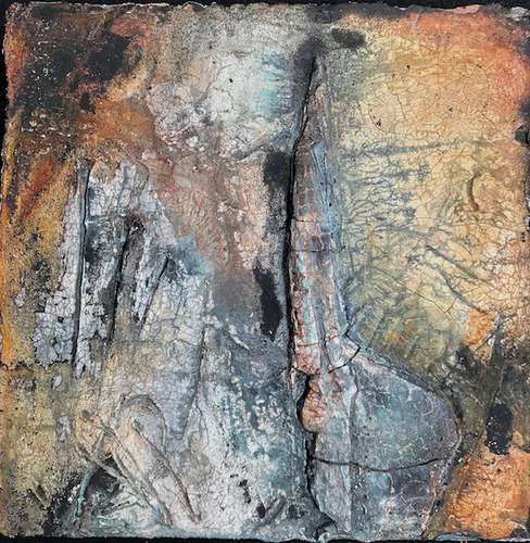 Bild 2: La Raiz_2017, Marmormehl/ Sumpfkalk auf Leinwand, Pigmente, Casein, Eitempera, Kohle, 120 x 100 cm
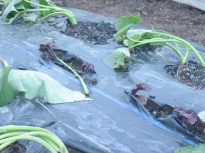 (2019年4月29日撮影) サツマイモ、4月28日に植え付けしました。 安納芋が12本、パープルスィートロードと いう紫芋が今年は16本です。6月中旬には ツルが成長しますので、そこから苗をとり ます。時期をずらして収穫でき、苗の費用 節約も兼ねています。 |
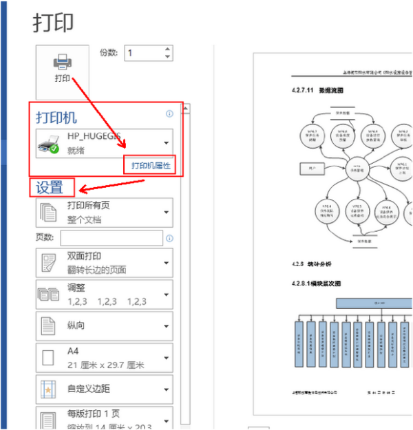 3、最后打开office、word等软件,在打印窗口选择“打印机属性”进行设置
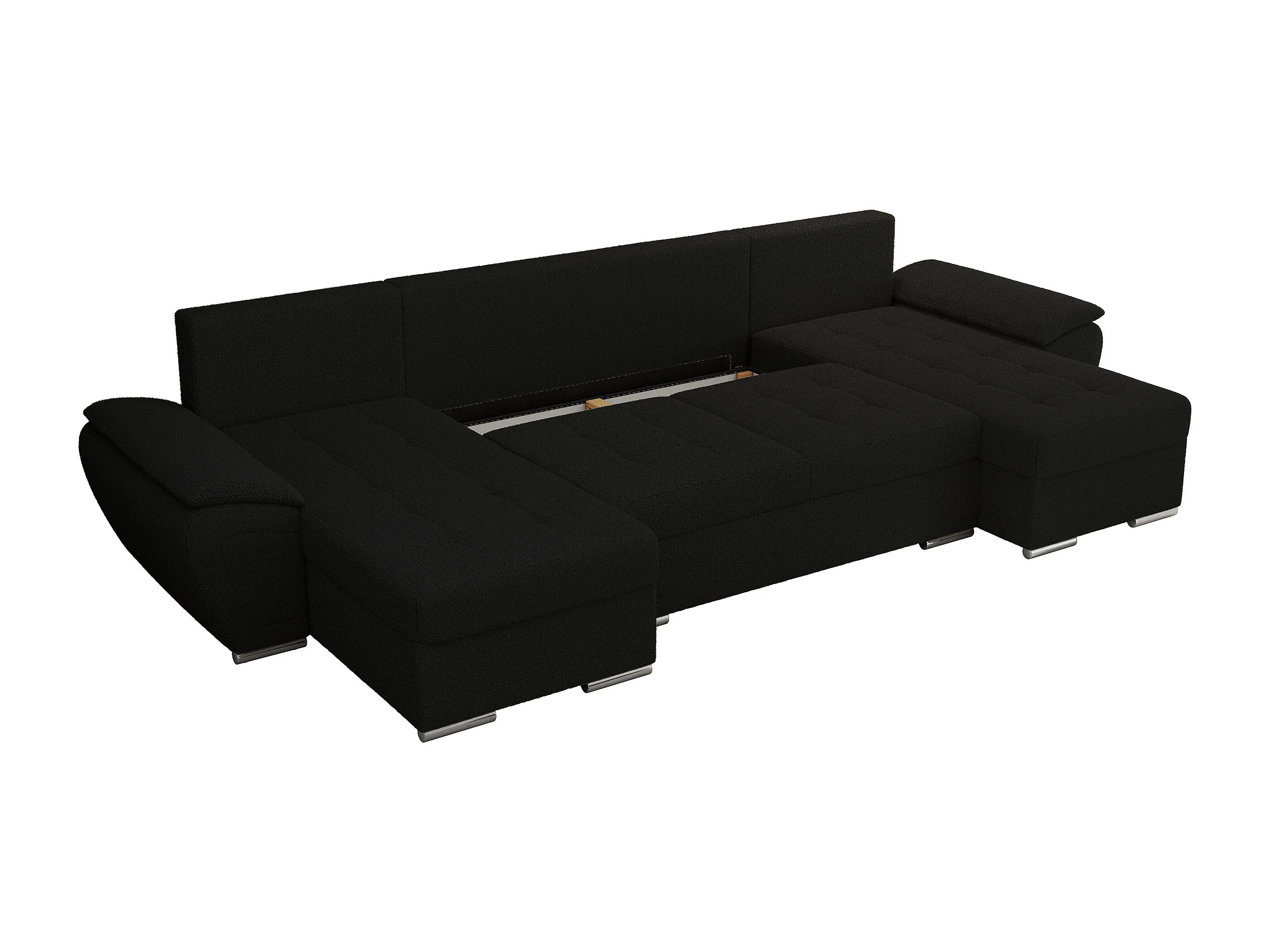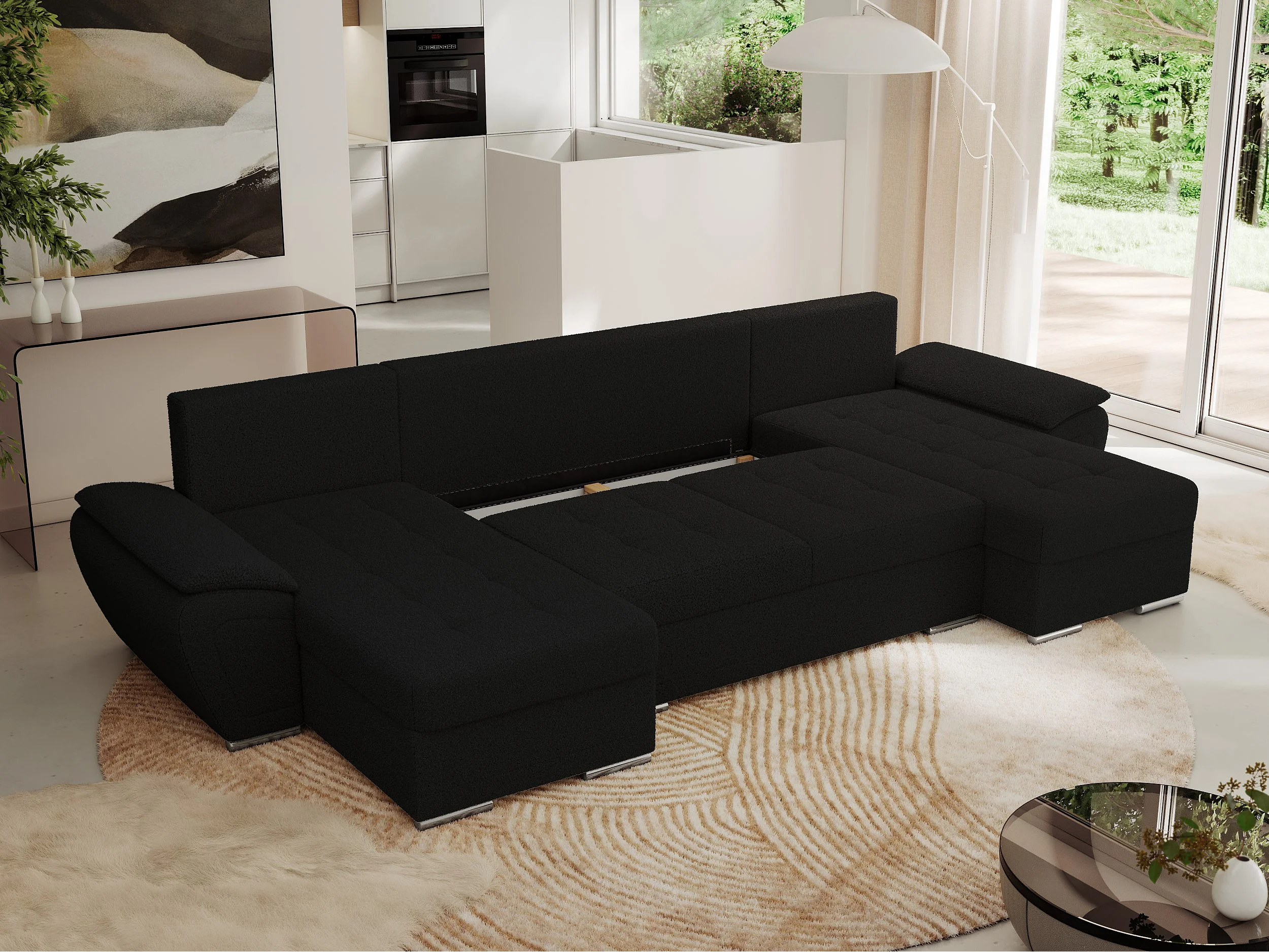 Ecksofa UMBRIA U - XXL Wohnlandschaft, mit Schlaffunktion und Bettkasten, genähte Ecke - Schwarz Boucle
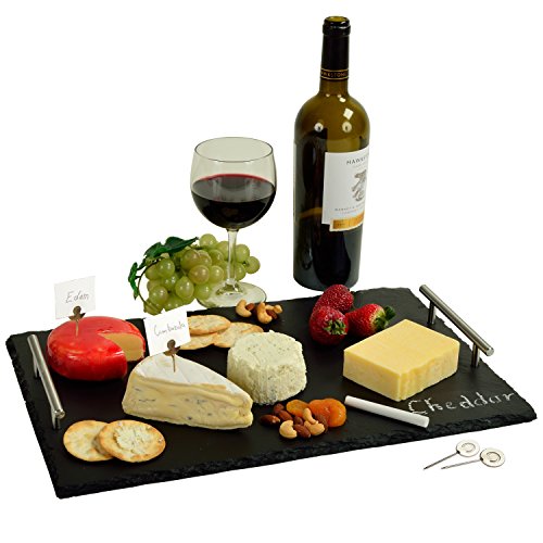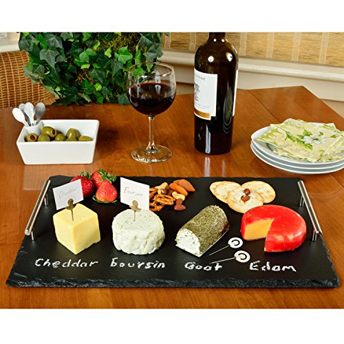 Handcrafted stylish upscale 1/4" thick natural slate board treated with food grade mineral oil - includes 2 pcs of soapstone chalk and 4 cheese markers
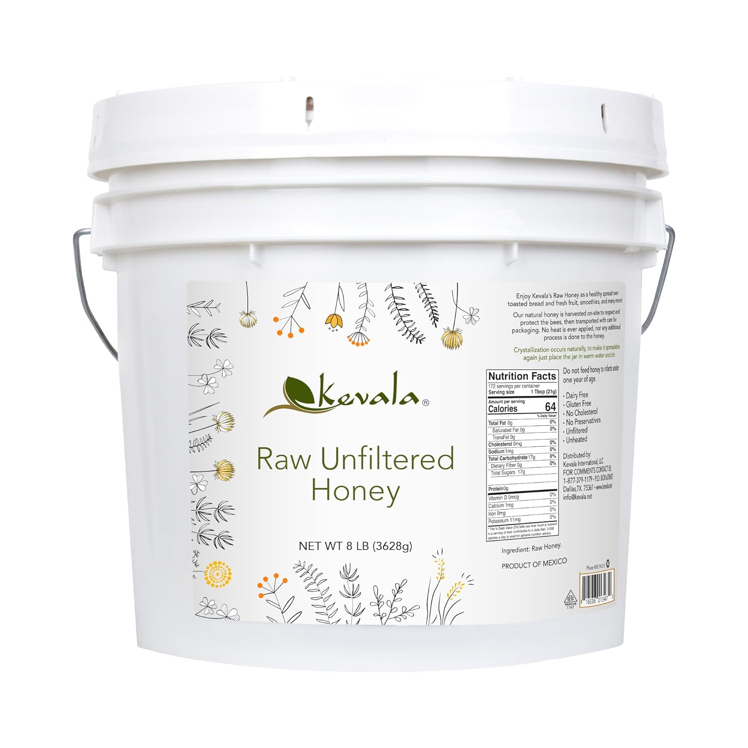 Kevala Raw Unfiltered Honey – Unprocessed Liquid Sweetener Harvested Without Pesticides, Bee-Friendly Harvesting On-Site, Sweet Spread for Toasted Bread and Desserts, Maple Syrup Substitute, 8 lb Pail

# # # #

### Task details
Would you transcribe the lines above exactly, going from the line bearing "(2019年4月29日撮影) サツマイモ、4月28日に植え付けしました。 安納芋が12本、パープルスィートロードと" through the line bearing "Handcrafted stylish upscale", and drop the pictures from the copy?

### Exercise solution
 (2019年4月29日撮影) サツマイモ、4月28日に植え付けしました。 安納芋が12本、パープルスィートロードと いう紫芋が今年は16本です。6月中旬には ツルが成長しますので、そこから苗をとり ます。時期をずらして収穫でき、苗の費用 節約も兼ねています。 |
 3、最后打开office、word等软件,在打印窗口选择“打印机属性”进行设置
 Ecksofa UMBRIA U - XXL Wohnlandschaft, mit Schlaffunktion und Bettkasten, genähte Ecke - Schwarz Boucle
 Handcrafted stylish upscale 1/4" thick natural slate board treated with food grade mineral oil - includes 2 pcs of soapstone chalk and 4 cheese markers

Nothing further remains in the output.